Guns in schools continue to be a part of the national conversation in light of recent school shootings.

The concern around school safety has become more urgent after recent mass shootings, with the deadliest being at Robb Elementary School in Uvalde, Texas, where 19 children were killed along with two teachers.

Recently, a town hall was hosted in Baldwin County to address school safety in the county.

One of the speakers was Spanish Fort Police Chief John Barber, who spoke at length on the state of school security in Baldwin County.

“The biggest threat to our children’s safety right now are these mass shootings that are occurring, this phenomenon we have been dealing with for the last 20-plus years,” Barber said.

In the midst of a broad conversation on preventing school shooters, Barber stated that he does not support arming teachers.

“Introducing additional guns into the classroom doesn’t make sense to me; it’s counterintuitive,” Barber said

Barber is not alone in his sentiments.

According to the Rand Corporation, the National Education Association, the American Federation of Teachers - which are both teachers' unions - and some gun safety advocacy organizations oppose arming teachers

Alabama does not have a system of arming teachers.

The Alabama Sentry Program (ASP) is a voluntary program that permits school administrators without a School Resource Officer (SRO) to maintain a firearm on campus in a safe to be prepared to respond to an active shooter situation.

State Rep.
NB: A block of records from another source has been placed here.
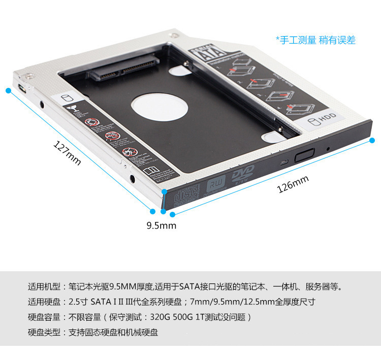 HDD 캐디 모든 알루미늄 하드 드라이브 캐리어 12.7/9.5 노트북 기계식 sata3SSD 솔리드 스테이트 드라이브 브래킷
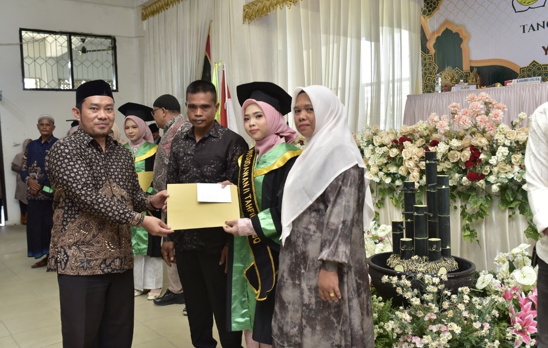 Ketua Umum Yayasan Dayah Bustanul Ulum, Drs. H. Faisal Hasan ZZ, didampingi Sekretaris, Ustadz Dede Gustian, Kepala Madrasah, Ustadz Bahauddin S.Pdi, M.Ag, Abu Chik Dayah, Ustadz Samsuria S.Ag, MPd, dan Kepala Aliyah, Rafida Hanum saat penyerahan sertifikat kepada Alimira Sofia dalam wisuda tersebut, di aula MUQ setempat, Kamis, 16 April 2026 kemarin. foto/ist.
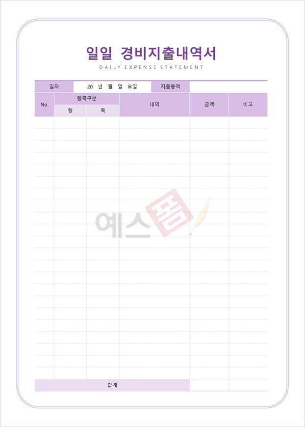 수입 및 지출내역서 | 법인카드 지출내역서 | 일일 경비지출내역서 |
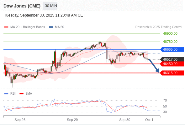 在 46665.00 之下,看跌,目标价位为 46450.00 ,然后为 46315.00 。

Matt Simpson (R- Daphne) attended the town hall and expressed broad sympathy with Barber, stating that the legislature has to consider the perspective of law enforcement.

“I don’t think there’s anything wrong when you are deciding these issues, with getting the opinion of law enforcement,” Simpson told 1819 News.  

“If something like that happens at one of my kids’ schools, I feel like teachers should be focused on taking care of the students. I don’t think teachers have indicated that they want to be vigilante justices, running around carrying guns and trying to get into gunfights and shootouts with individuals. In conversations that I’ve had with teachers and public-school employees, I don’t know that bringing more guns on campus is the answer.”

The recent shooting in Uvalde brought much criticism of law enforcement’s lack of response time, as well as law enforcement physically restraining parents who attempted to enter the building to retrieve their children.

The husband of one of the slain teachers attempted to enter the classroom where the gunman was after his wife called and told him she had been shot. Law enforcement stopped the man, who happened to be a police officer, from entering the classroom and relieved him of his weapon.

The response from many has been to suggest arming teachers and other staff to add additional protection.

Barber told 1819 News that he believes that the law enforcement response in Uvalde was not the norm in other school shootings. However, he did acknowledge that police inaction has occurred in some shootings.

“That response is not acceptable in our profession,” Barber told 1819 News.

The training of law enforcement is what Barber believes makes them more qualified to handle guns in a school.

Barber said, “How much training is adequate to put a pistol into a classroom. How much training would be relevant? One day? 40 hours? At what point do you say, ‘okay, they know how to use a firearm?’”

According to The Alabama Peace Officers Standards and Training Commission, Alabama officers must annually qualify with their handgun, shooting from various distances at a torso-sized target.

Barber believes that the 800 hours of training officers receive in understanding the application of deadly force, and other additional training, is invaluable to make law enforcement more qualified to address the issue.

He also believes that having multiple individuals with weapons will make it more difficult for law enforcement to identify the shooter.

“If you have {a teacher} going down the hallway and they got a gun in their hand, and law enforcement is in there, how do we discern who exactly is that shooter?” Barber said.

The Rand Corporation also noted that trained police officers had successfully hit their intended targets in just 18% of incidents involving an exchange of gunfire.

Barber acknowledged that the mere brandishing of a weapon was not sufficient to justify deadly force, but violent situations such as school shootings can be unpredictable.

“When you are in a volatile situation where shots are being fired, and there is death going on, and officers are often making split-second decisions; the vast majority of them are the proper decisions,” Barber said.

According to Barber, having a gun in the classroom would also make the classroom inherently more dangerous in the vast majority of cases where there isn’t an active shooter in the school.

“I think there’s a potential for those weapons that are secured in the classrooms to be compromised where students could gain access to them; or that they’re deployed when they don’t need to be deployed, and now we are, again, introducing a gun into a volatile situation,” Barber said.